» **Problem to work on**: When you copy the entries, match them exactly and omit the pictures.

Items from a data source
____
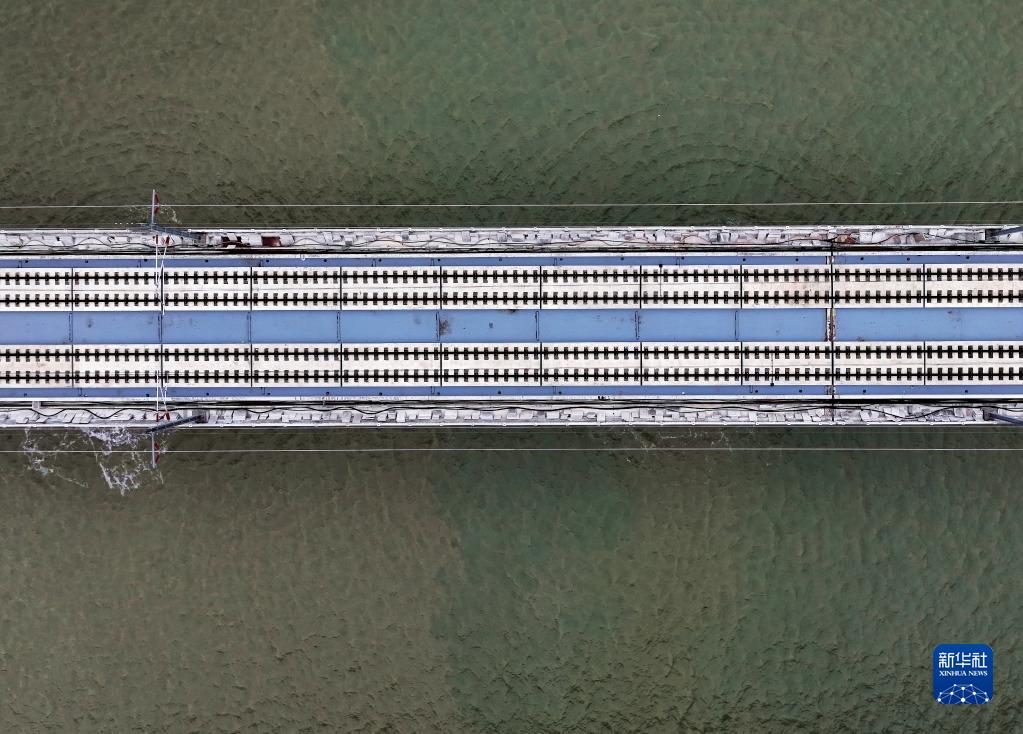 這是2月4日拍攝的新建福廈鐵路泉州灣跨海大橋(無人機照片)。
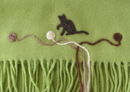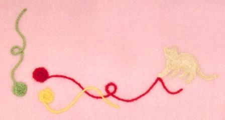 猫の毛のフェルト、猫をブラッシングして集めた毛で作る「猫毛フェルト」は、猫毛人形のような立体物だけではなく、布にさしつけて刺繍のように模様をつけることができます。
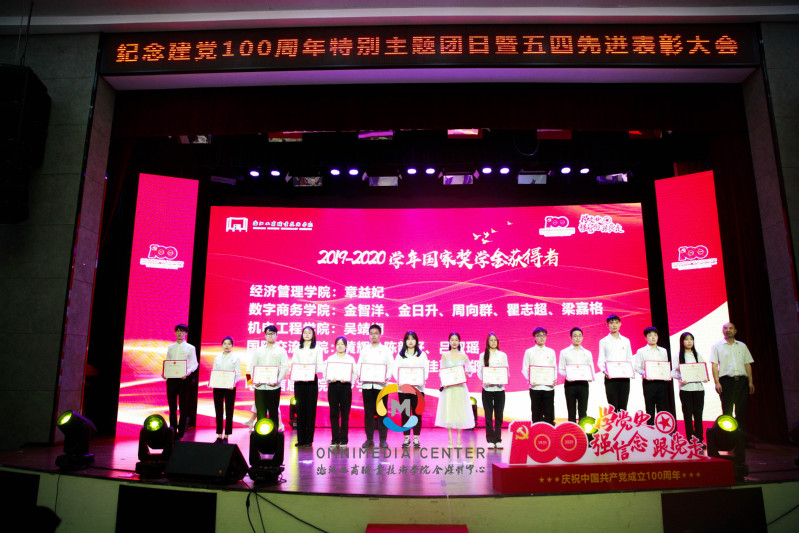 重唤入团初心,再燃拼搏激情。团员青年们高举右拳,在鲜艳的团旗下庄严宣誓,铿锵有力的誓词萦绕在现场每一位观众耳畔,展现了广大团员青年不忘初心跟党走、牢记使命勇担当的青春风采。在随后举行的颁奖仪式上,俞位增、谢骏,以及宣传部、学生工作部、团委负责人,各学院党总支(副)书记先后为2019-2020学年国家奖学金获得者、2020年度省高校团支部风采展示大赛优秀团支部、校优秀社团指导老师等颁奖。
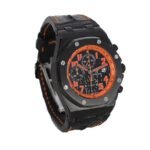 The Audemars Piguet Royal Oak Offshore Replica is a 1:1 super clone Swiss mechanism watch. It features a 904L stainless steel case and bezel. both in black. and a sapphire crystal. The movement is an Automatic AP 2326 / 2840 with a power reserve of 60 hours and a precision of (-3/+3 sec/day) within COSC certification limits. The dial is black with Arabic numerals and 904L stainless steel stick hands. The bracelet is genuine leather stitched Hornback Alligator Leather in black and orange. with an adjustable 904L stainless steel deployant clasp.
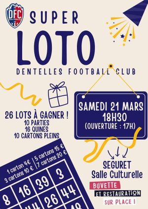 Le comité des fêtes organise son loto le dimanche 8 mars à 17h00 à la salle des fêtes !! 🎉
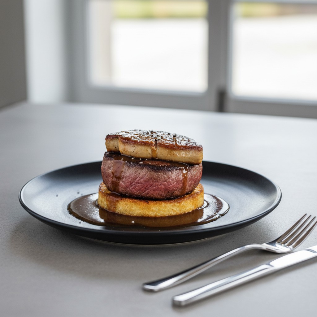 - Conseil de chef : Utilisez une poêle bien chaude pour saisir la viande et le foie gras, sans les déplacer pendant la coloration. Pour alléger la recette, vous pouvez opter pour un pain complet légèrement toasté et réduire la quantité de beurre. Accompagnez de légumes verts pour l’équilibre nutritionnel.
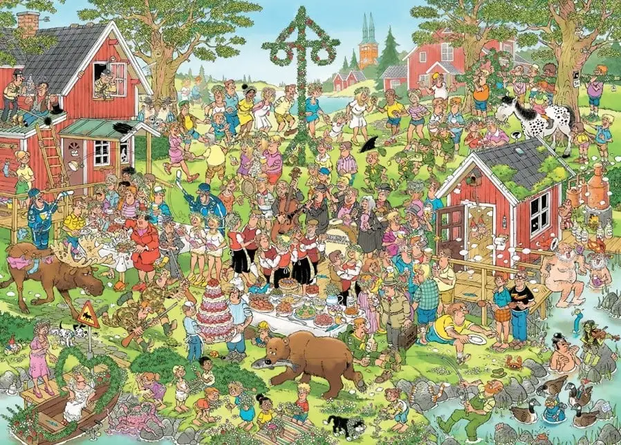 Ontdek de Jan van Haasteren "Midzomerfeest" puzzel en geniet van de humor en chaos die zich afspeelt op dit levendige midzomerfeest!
____
» **Completed task**:
 這是2月4日拍攝的新建福廈鐵路泉州灣跨海大橋(無人機照片)。
 猫の毛のフェルト、猫をブラッシングして集めた毛で作る「猫毛フェルト」は、猫毛人形のような立体物だけではなく、布にさしつけて刺繍のように模様をつけることができます。
 重唤入团初心,再燃拼搏激情。团员青年们高举右拳,在鲜艳的团旗下庄严宣誓,铿锵有力的誓词萦绕在现场每一位观众耳畔,展现了广大团员青年不忘初心跟党走、牢记使命勇担当的青春风采。在随后举行的颁奖仪式上,俞位增、谢骏,以及宣传部、学生工作部、团委负责人,各学院党总支(副)书记先后为2019-2020学年国家奖学金获得者、2020年度省高校团支部风采展示大赛优秀团支部、校优秀社团指导老师等颁奖。
 The Audemars Piguet Royal Oak Offshore Replica is a 1:1 super clone Swiss mechanism watch. It features a 904L stainless steel case and bezel. both in black. and a sapphire crystal. The movement is an Automatic AP 2326 / 2840 with a power reserve of 60 hours and a precision of (-3/+3 sec/day) within COSC certification limits. The dial is black with Arabic numerals and 904L stainless steel stick hands. The bracelet is genuine leather stitched Hornback Alligator Leather in black and orange. with an adjustable 904L stainless steel deployant clasp.
 Le comité des fêtes organise son loto le dimanche 8 mars à 17h00 à la salle des fêtes !! 🎉
 - Conseil de chef : Utilisez une poêle bien chaude pour saisir la viande et le foie gras, sans les déplacer pendant la coloration. Pour alléger la recette, vous pouvez opter pour un pain complet légèrement toasté et réduire la quantité de beurre. Accompagnez de légumes verts pour l’équilibre nutritionnel.
 Ontdek de Jan van Haasteren "Midzomerfeest" puzzel en geniet van de humor en chaos die zich afspeelt op dit levendige midzomerfeest!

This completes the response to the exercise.